A colossal study has revealed a variation of a gene involved in an immune response has been secretly giving protection to the billions who carry it from Alzheimer's and Parkinson's disease.
Known as DR4, the variant, or allele, is part of a family of genes that normally help our immune system pinpoint and destroy foreign invaders, like bacteria and viruses.
"In an earlier study, we'd found that carrying the DR4 allele seemed to protect against Parkinson's disease," says psychiatrist and geneticist Emmanual Mignot from Stanford University in the US, the institution that led the study.
But Alzheimer's and Parkinson's are distinct conditions with different pathological biomarkers in the brain – Lewy bodies for Parkinson's, and abnormal tangles of a protein called tau in Alzheimer's.
Discovering DR4 as a common factor was astounding.
"That this protective factor for Parkinson's wound up having the same protective effect with respect to Alzheimer's floored me," Mignot says. "The night after we found that out, I couldn't sleep."
The scientists gathered medical and genetic data from dozens of databanks around the world, giving them a diverse dataset that included participants from Europe, Asia, Latin America, and African America.
Comparing 176,000 patients with Parkinson's or Alzheimer's disease with just under 2 million control cases revealed those who carried the DR4 variant were significantly less likely to have either disease – more than 10 percent less likely, in fact.
The researchers then studied data from 7,000 autopsied brains affected by Alzheimer's, finding those with the DR4 gene mutation had a later onset of symptoms and fewer neurofibrillary tangles, which correlate with the severity of the condition.
Biomarkers of Alzheimer's, the pernicious knotted proteins feature altered (acetylated) versions of the protein tau.

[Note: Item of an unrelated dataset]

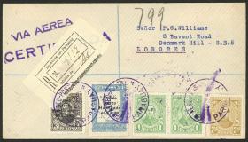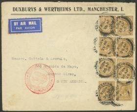 235 GRAN BRETAÑA - HISTORIA POSTAL Sobre / N°Cat.: MB. ALTO FRANQUEO: Sobre aéreo enviado el 26/ABR/1935 de Manchester a Argentina con franqueo de 8S. y enviado vía Alemania DLH. Al dorso tiene marca de arribo a Buenos Aires (numeral), MB calidad! Precio inicial: US$ 100 Precio actual: US$ 100 Oferte US$ 100 o más | |

One fragment in particular, known as acetylated PHF6 (a-PHF6) is crucial to forming these clumps.
Lab experiments revealed DR4 proteins bound strongly to this fragment. Thanks to this robust connection, the immune system recognizes the tangled tau as foreign and boots its problematic butt out as it would if it were a virus or bacteria.
Even though the tangles aren't a mechanism for Parkinson's, carrying DR4 correlated with symptoms starting later in that disease, too. Another win for DR4.
"This immune response would protect against Alzheimer's, Parkinson's, and neurodegeneration," the researchers write.
While led by Stanford University, this research was a global effort, involving some 160 additional researchers from 25 countries. But then, our two most common neurodegenerative conditions are global diseases.
Tens of millions of people around the world are diagnosed with Alzheimer's disease, while another 10 million live with Parkinson's. These numbers will grow as the proportion of the population over 65 increases.
For the 20 and 30 percent of the population who carry the DR4 variant, there could be more good news. Vaccination with a-PHF6 could ramp up the effects of the DR4 variant to further protect its carriers from neurological diseases, the researchers report.
A simple blood test could be used to identify people who have the DR4 variant.
This research was published in Proceedings of the National Academy of Sciences.